Illinois “Geolocation Privacy Protection Act” Passes Both Houses, Headed to Governor’s Desk

Illinois “Geolocation Privacy Protection Act” Passes Both Houses, Headed to Governor’s Desk

Blog WilmerHale Privacy and Cybersecurity Law

On Tuesday, June 27, the Illinois legislature passed HB 3449, the “Geolocation Privacy Protection Act.” If signed by Governor Bruce Rauner (R), the bill would prohibit a “private entity” from collecting, using, storing or disclosing “geolocation information from a location-based application on a person’s device” unless the entity has first obtained that person’s “affirmative express consent.” As amended, the bill does not contain a private right of action. Instead, violations of the bill may be pursued by the Attorney General or a State’s Attorney under Illinois’s Consumer Fraud and Deceptive Business Act. Before filing a suit, however, the Attorney General or State’s Attorney must provide the business with a 15-day right to cure. 

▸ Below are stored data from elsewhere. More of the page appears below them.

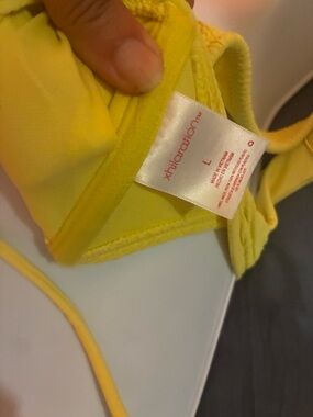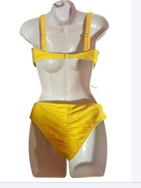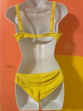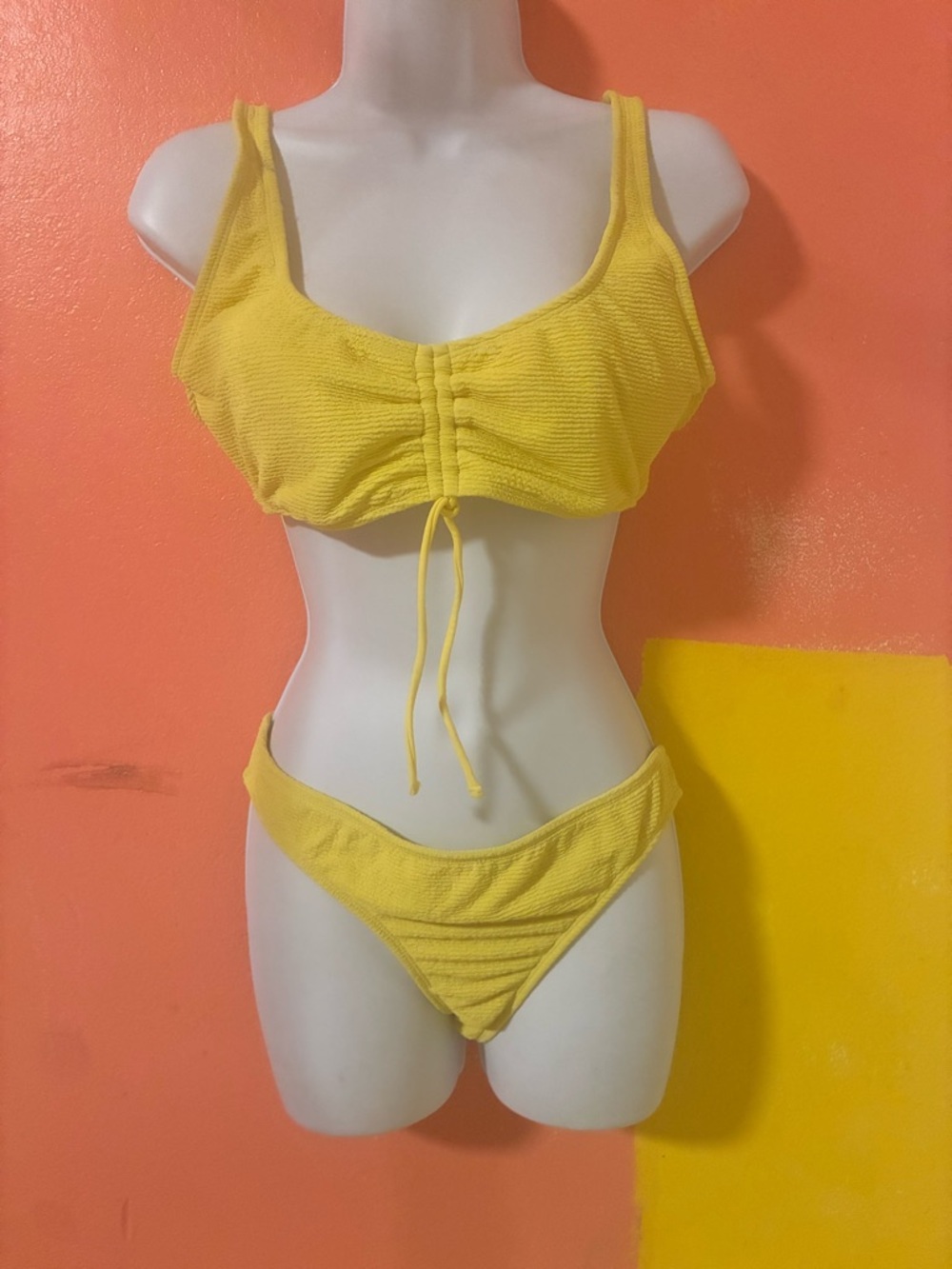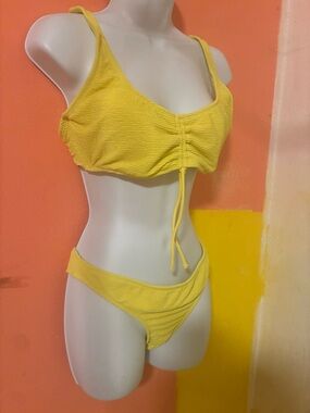 “Bright yellow textured bikini set 💛 Features a ruched front top with adjustable drawstring detail and thick supportive straps. Paired with matching high-cut bottoms for a flattering, cheeky fit. Soft, stretchy fabric that hugs the body comfortably.
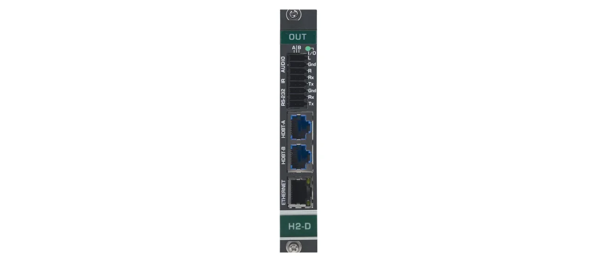 DTAxrD2-OUT2-F34 – 2-Kanal 4K HDR HDBaseT Ausgangskarte mit analogem Ton und erweiterter Reichweite
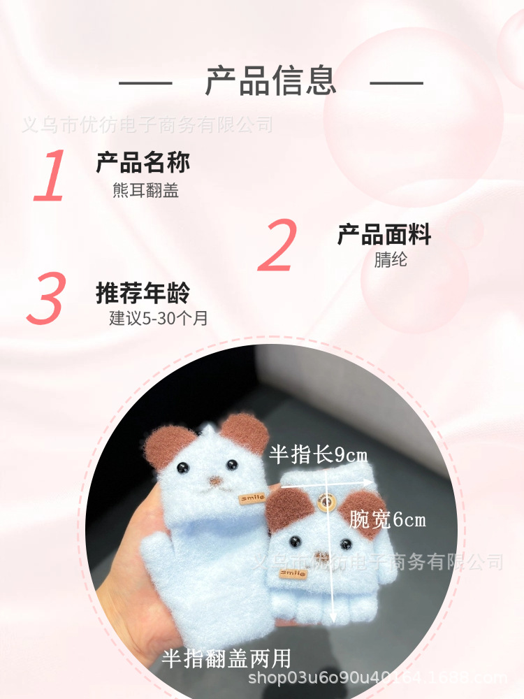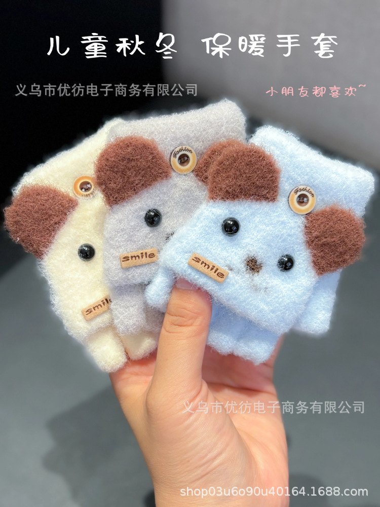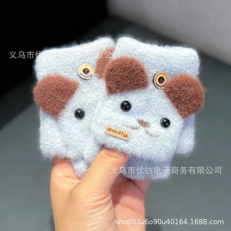 아기의 장갑 가을과 겨울 아기 귀여운 부드러운 따뜻한 손가락 엑스트라-손가락 감기 방풍 반 손가락 플립 커버 소년 소녀스토어 가기
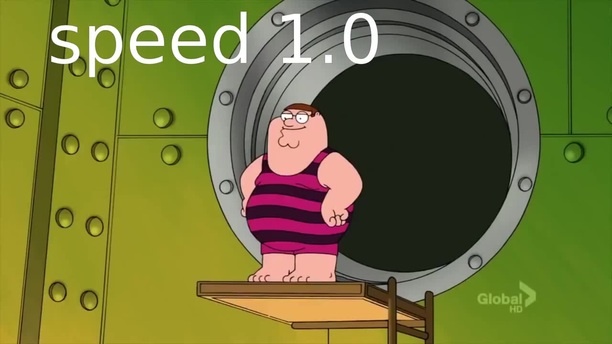 Peter Griffin dives into a room full of gold coins, but at different speeds

The bill defines “geolocation information” as information (other than the “contents of a communication”) that is “generated by or derived from” the operation of a “mobile device” (a category that includes smart phones, tablets, and laptops) and that is “sufficient to determine or infer the precise location of that device.” IP addresses are specifically exempted from the definition of “geolocation information.” The bill does not further define “precise location.” 

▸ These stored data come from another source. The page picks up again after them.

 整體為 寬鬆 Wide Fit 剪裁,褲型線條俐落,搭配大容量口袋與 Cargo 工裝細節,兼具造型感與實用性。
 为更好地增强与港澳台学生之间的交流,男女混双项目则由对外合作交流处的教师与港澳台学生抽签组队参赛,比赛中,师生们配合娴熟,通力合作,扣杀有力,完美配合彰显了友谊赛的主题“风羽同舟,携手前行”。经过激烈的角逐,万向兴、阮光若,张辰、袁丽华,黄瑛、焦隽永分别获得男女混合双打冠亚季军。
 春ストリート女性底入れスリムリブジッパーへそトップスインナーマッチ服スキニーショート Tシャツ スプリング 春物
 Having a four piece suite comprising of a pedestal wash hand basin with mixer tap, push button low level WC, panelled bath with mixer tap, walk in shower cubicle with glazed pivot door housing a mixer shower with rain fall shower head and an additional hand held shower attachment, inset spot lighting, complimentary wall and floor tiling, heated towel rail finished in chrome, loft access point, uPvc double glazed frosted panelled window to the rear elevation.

Under the bill, entities collecting geolocation information must provide individuals with: (1) a “clear, prominent, and accurate notice” explaining that geolocation information will be collected, used, or disclosed; (2) the specific purposes for which the individual’s geolocation information will be collected, used, or disclosed; and (3) “a hyperlink or comparably accessible means to access the information” required by the law. The company must also obtain the individuals’ “affirmative express consent” (an undefined term) to the activities described in the notice. A limited number of uses are exempted from this notice and consent requirement, including allowing parents and guardians to locate minor children or legally incapacitated persons, providing emergency services (i.e., fire, police, ambulance, etc.), or “providing storage, security, or authentication services.” A number of regulated entities are also exempt from the bill, including covered entities under HIPAA, internet and telecommunications providers, financial institutions regulated by the GLBA, private detectives, public utilities, and political campaigns.